The paper is now online (pre-proof).
Editing Glutathione
Over the last year, we have been expanding our horizons to editing things that aren't GABA. Probably the next most popular editing target is glutathione (GSH), so I thought I'd post some thoughts about how to take a GABA scan and modify it to edit GSH.
Editing Frequencies
To address the most obvious change first, the editing-on frequency changes from 1.9 ppm for GABA to 4.56 ppm for GSH (based on shifts from Govindaraju et al.). The editing-off frequency is less critical, but putting it at 8 ppm seems safe.
Echo time
The least obvious issue to resolve is echo time, which we recently wrote a paper about (Chan et al. 2017, the subject of a recent MRM piece). To cut a long story short, it doesn't make a lot of difference whether you stick with medium-TE (~70 ms) or go longer (~120 ms), although the longer TE is slightly better (and certainly expected to be better). Longer TE also has secondary advantages, like accommodating longer more selective editing pulses or longer, higher-bandwidth refocusing pulses. But beware, some editing implementations e.g. the Siemens WIP, don't move the editing pulses when you increase TE, so it is impossible to edit well at longer TEs.
HERMES
Another important consideration, if you are planning a GSH editing study, is that it is now possible to edit GABA and GSH in the same scan without substantially impacting SNR (Saleh et al. 2016). So if you're planning to edit GSH, why not edit GABA too?
Alignment
Gannet performs post-processing frequency-and-phase correction of data to minimize subtraction artefacts due to motion and scanner drift. For simple GSH editing, the 'NAA' alignment works pretty well. ('SpecReg' fails due to editing pulses impacting water). For HERMES, we have a new Gannet version in progress.
Hackathon Live Update Stream
455PM: A quick summary: We haven't come up with a method that makes things better. BUT, we have learned several important things:
1. NAA-based correction can do a lot to clean up the GSH-diff spectrum.
2. Metrics matter. By taken a mean 'quality score', we shot ourselves in the foot. We will reassess all data based on median, and maybe normalized by the group average SD subtraction artifacts, not within-subject...
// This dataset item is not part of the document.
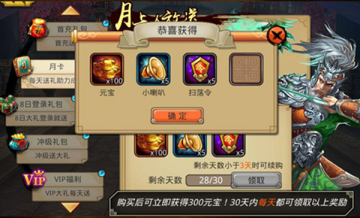 玩家在游戏中充值能获得VIP等级,月卡是《美人如画将无双》目前最划算的功能啦。玩家花30元购买月卡不仅可以立即获得元宝返还,还能立即领取大礼包,并且还能每日获得高额元宝和道具奖励,持续1个月,极大的提高了玩家付费的性价比。有助于玩家有足够的元宝购买升级所需的体力与银币,更快地增强武将的战斗力。此外游戏中还开放了每日充值,累计充值,等各种性价比极高的充值活动,满足各阶层付费玩家的需求。
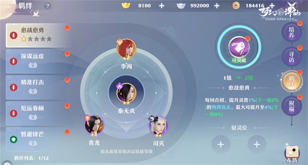 在达到52级时,道友将解锁全新仙友羁绊系统,集齐羁绊关联仙友即可手动激活【驭灵技能】赋予灵兽额外技能,提升灵兽整体实力。

255PM: Bumped out of the large conference room.
1239PM: In terms of actual progress. We have tested 6 methods. None of them do very well. Onwards and upwards!
1200PM: Pizza arrives as ably planned by Mark (picking up from the organizational travesty that was Nick's lunch arrangement).
933AM: Donutgate: the number of declared donuts doesn't match the number of eats donuts.
930AM: Donut scores: Georg 2 Nick 2 Richard 2 Ashley 1 Muhammad 0 Tao 1 Kim 1 Mark 1
922AM: Nick just left the room. Minus 70 Edden points.
920: Pretend to set up a live webcam feed.
905AM: Preliminary chat over. Repositories forked and coding has begun.
840AM: Skype to Jamie Near in Canada.
755AM: Room setup. Do we have enough extension leads?
730AM: Dunkin' Donuts stop for fuel.
559AM: I remembered to grab my charged-overnight laptop on the way out of the house. A good start.